It’s not me, it’s you.
It was always you.
When we met, you were Sarah Huckabee Sanders, but once you opened your pie hole and started spewing hatred wrapped inside a lie wrapped inside a mistruth wrapped inside deceit, you earned the endearing nickname “Suckabee.” And while I never thought it would last, I always thought it would be a bit longer. (And don’t look at me like that; your boss doesn’t even know how long you’ve been there.)
Anyway, you were a constant in a torrential downpour of windy, rain-filled lies. Sure, it was a smelly, windy rain, like when a fish dies in the ocean and the breeze picks up the rotted fish guts and blows the smell into your stomach, but you were a beacon. A puss-filled beacon surrounded by
And, while I could never depend on you for the truth, I could depend on you to be steady at the podium, making up stories, spinning legitimate questions into a beautiful web of sordid tales while shaming reporters for questioning your misdirections. You were a master manipulator and a perpetual victim of your own creation for the “three-and-a-half years” (according to the president) that you worked in the White House. I knew things were rocky when the press conferences stopped. I knew once we stopped talking—well, I never really said much since you did all the blabbering—that things weren’t going well.

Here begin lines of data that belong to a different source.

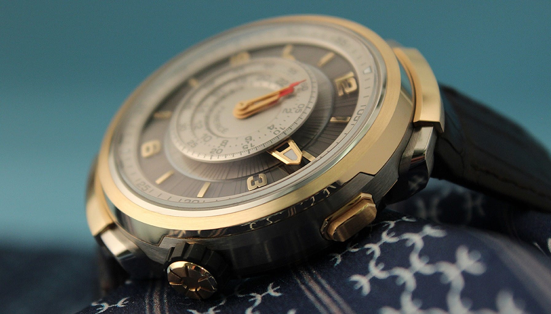 Retaining the same design DNA as last year’s Visionnaire DTZ, the chronograph will look rightfully foreign to you unless you have seen its older sibling. A hooded lug case design and bullhead pushers at 10 o’clock and 2 o’clock make it instantly stand out from anything conventional, but that’s just the beginning. Golden hour indices rest on a smoked sapphire outer dial that partially reveals the movement’s winding rotor. A pair of wide and stubby hands provide time indication on this outer track in relatively conventional form (other than the entire length of either hand not being visible). From there, what we can only refer to as a significantly proportioned central subdial takes up the bulk of the under-the-crystal real estate, providing indication for the chronograph. Once you are accustomed to its design, the Visionnaire Chronograph is one of the most easy-to-read chronographs on the market, adding a layer of practicality to its unique design aesthetic.
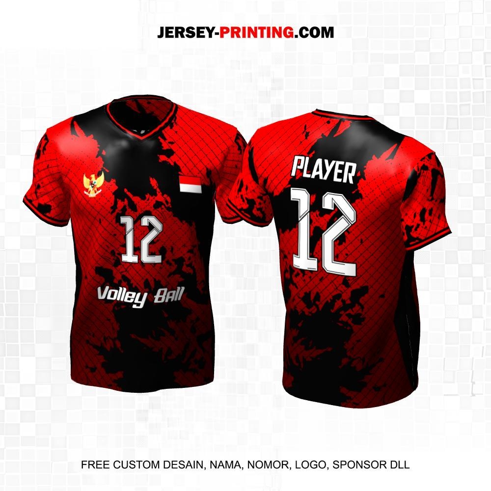 Jersey Volly Merah Hitam Motif Abstrak 315
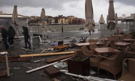 Οι θυελλώδεις ανέμοι των τελευταίων ωρών έχουν προκαλέσει μεγάλες καταστροφές. Μεγάλες ζημιές έχουν υποστεί και οι καταστηματάρχες του Παλιού Λιμανιού.
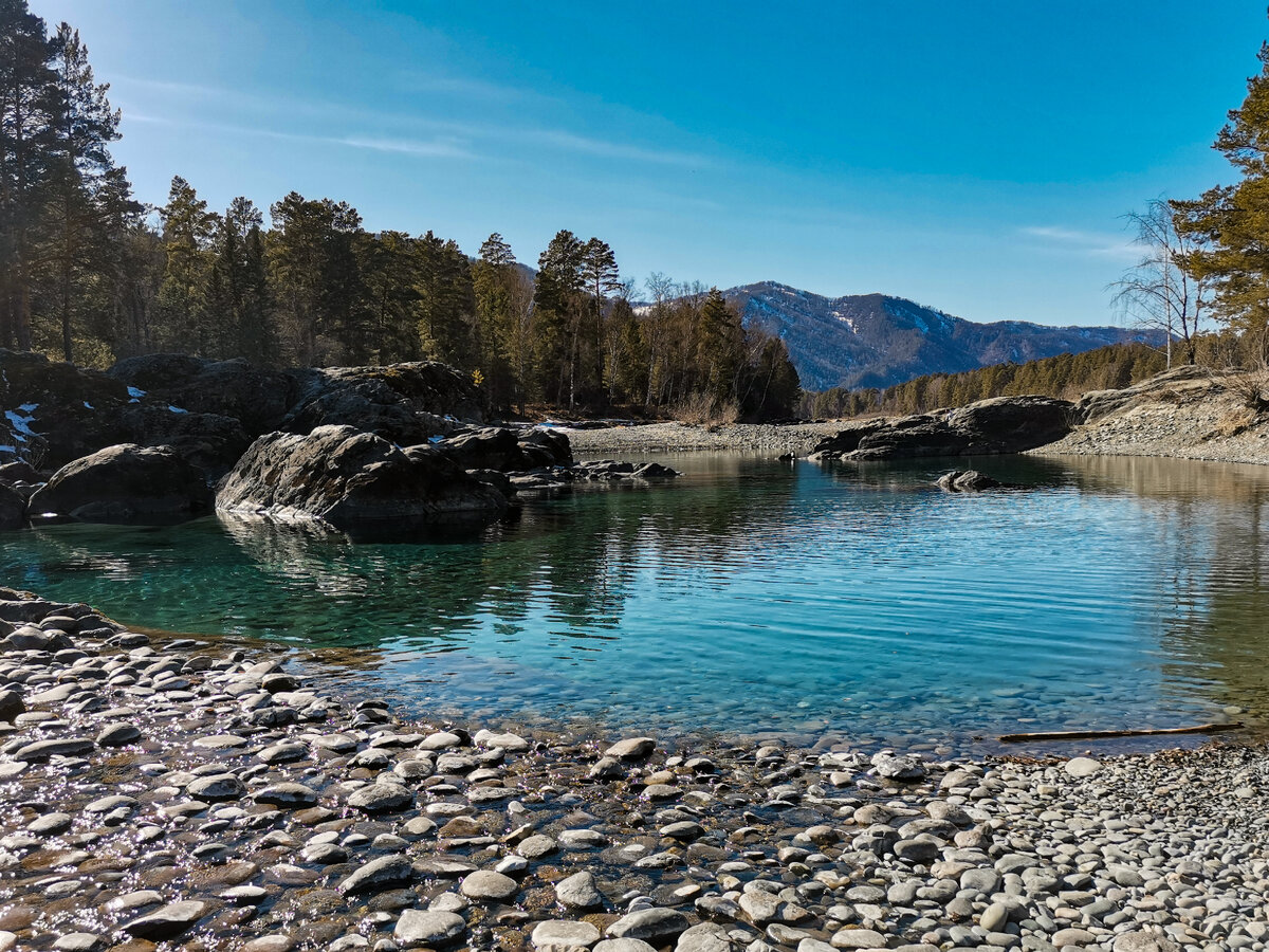 Планируя поездку в Горный Алтай, знакомые нам советовали обязательно посетить Голубые озёра. Зимой к ним можно дойти через реку Катунь, когда ее поверхность еще стянута толстым льдом. В начале апреля лед уже активно тает и это поднимает уровень адреналина. Рядом расположены 3 небольших озера и каждое красиво по своему
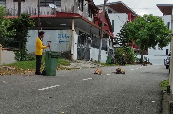 Povestea următoare s-a petrecut în Malaezia, acolo unde un bărbat care își câștigă existența măturând străzile, a făcut un gest cu totul de apreciat față de animalele de companie. El își desfășoară activitatea zilnică alături de cei doi câini adorabili, pe care i-a adoptat și cărora le oferă multă dragoste, indiferent de dificultățile cu care se confruntă.
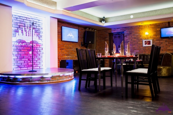 Клуб очень стильный, уютный. Гости располагаются в центре большого зала на удобных диванах, сводчатый кирпичный потолок придает интерьеру брутальности и улучшает акустику помещения. Для частных караоке-вечеринок и банкетов используется изолированный зал на 30 человек.

I’m going to miss you. I’m going to miss your perpetual gas face, you know that face you’d make where it looked like you just downed a queso-and-bean-filled, jalapeño-laced burrito and it wasn’t until you got to the podium that it hit you that it was a bad choice. And that cute thing you would do, no matter what you were asked—you know the look you’d do where it looks like you’ve watched a snail hump a penny on the punishing hot asphalt and you can’t figure out if it’s gross or just another example of Satan’s humanity.
And how can I forget the pursed lips? For years, I didn’t even realize you had a top lip because of the way you pursed that shit.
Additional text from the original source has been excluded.